At times I wish I belonged to the latter class. But convictions are elusive for those not gifted with resignation. So I am forever looking for the common middle ground, when intelligent people form into groups and observe one event and see as many different pictures as there are groups. When I studied fractions we sought the Greatest Common Denominator (perhaps they call it something else now); but the object was to manipulate the Joneses and Browns until they all looked like Smiths, and then we could do something with them.
Now I much prefer orthodoxy to Annie. She is just plain pish-posh. And orthodoxy does really get somewhere. This isn't a quarrel with orthodoxy, for I have the greatest admiration for any strong faith.
As I said before, I'm not one of those lucky folks who have found the final answers; so I'm forced to apply the G. C. D. method to the diversified observations of my more fortunate brethern in order to attain some personal satisfactions from our great world-wide institution of Christmas.
There is something to be said for Annie too. She has caught the spirit of giving; her instincts are sound: but I blame her for not thinking things through. Why is it so difficult for such a large percentage of us to realize the everlasting truth of the gift benefitting the giver?
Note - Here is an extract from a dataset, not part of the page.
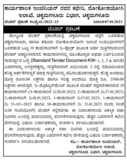 19 works under Chikkamagaluru and Kadur Public Works Department
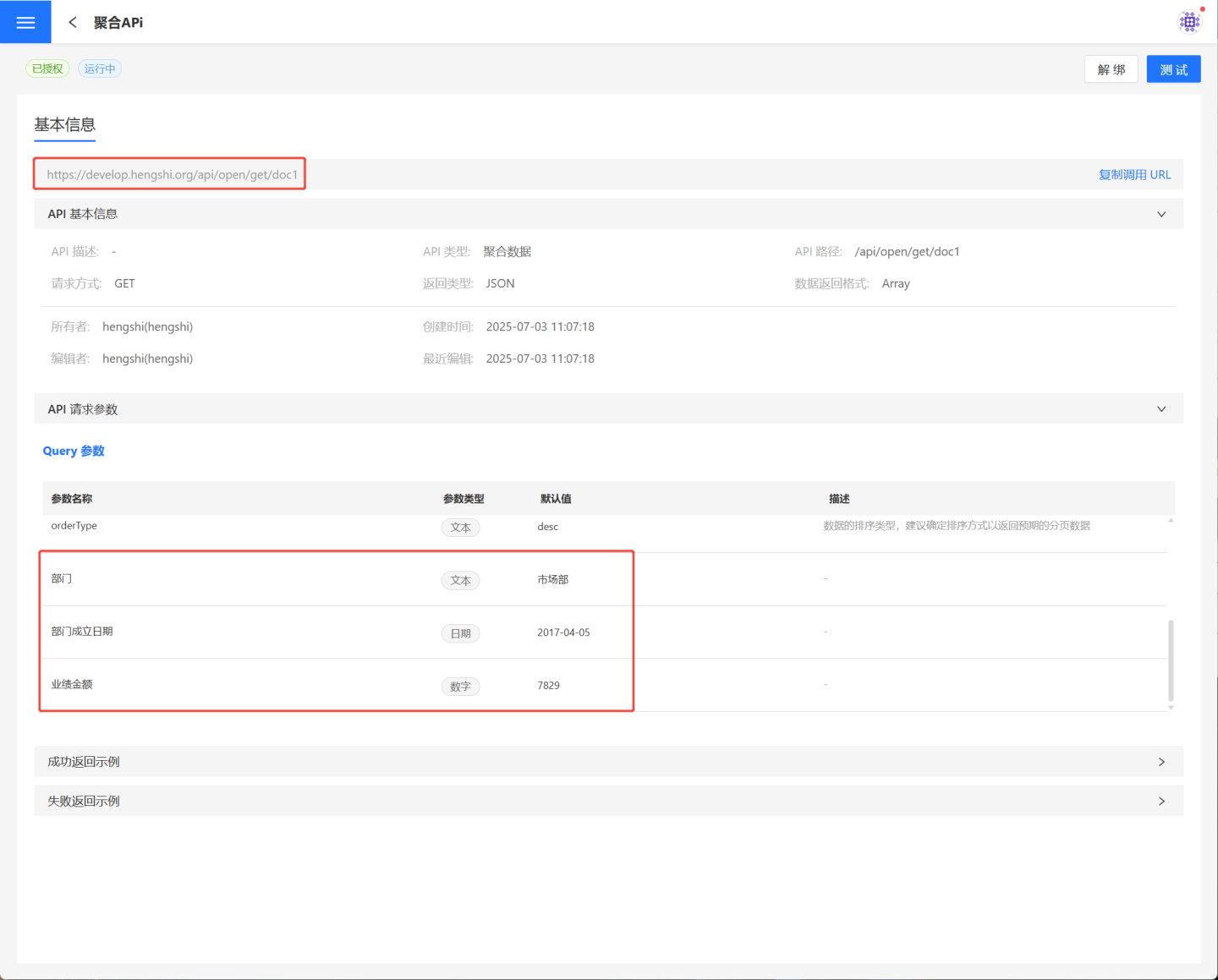 对设置请求参数的 API 进行测试,可以将参数全部勾选查看返回结果。

It is the simplest proposition in the world to prove, yet you and I spend half our time trying to prove the contrary; and half the people in the world, not to mention Hamilton, go to their graves without even trying it.
Well, Christmas is almost synonymous with generosity then. I think we can all agree with that. But what kind of generosity? Ah, there's the rub! Be perfectly frank with yourself, and see if you can name say five gifts or greetings which you have sent this year which were not inspired by the thought of similar remembrances coming to you. And how much of this has been just plain drudgery to you? Now don't feel offended: I'm a worse offender than you.
One of the most difficult problems of the generous rich, judging from what I have read, is the enormous amount of forethought required in their giving to avoid unworthy use of their beneficence. Undoubtedly that is a practical necessity. Great good has come by these means which could not be accomplished by any other means. But I cannot conceive of any great satisfaction coming to the donor under these circumstances; it must be a nightmare of worry. An essential quality of the spirit of Christmas is lacking in wholesale impersonal giving. It must be personal; at least in your imagination.
Another essential quality is uncalculating generosity. This implies the service of self without self as an objective. We see notable examples of such people wherever we go, and jocularly remark "Their reward will be in Heaven". But the plain truth is there is a reward here and now for those who give without thought of reward, and are embarrassed by a mere "Thank you". Secret good deeds are the best insurance to being good company to oneself.
The G. C. D. boils down to the simple ideal of Peace and Good-will. Simple, yet packed full of the greatest opportunity for truth, beauty, and goodness the world has ever known.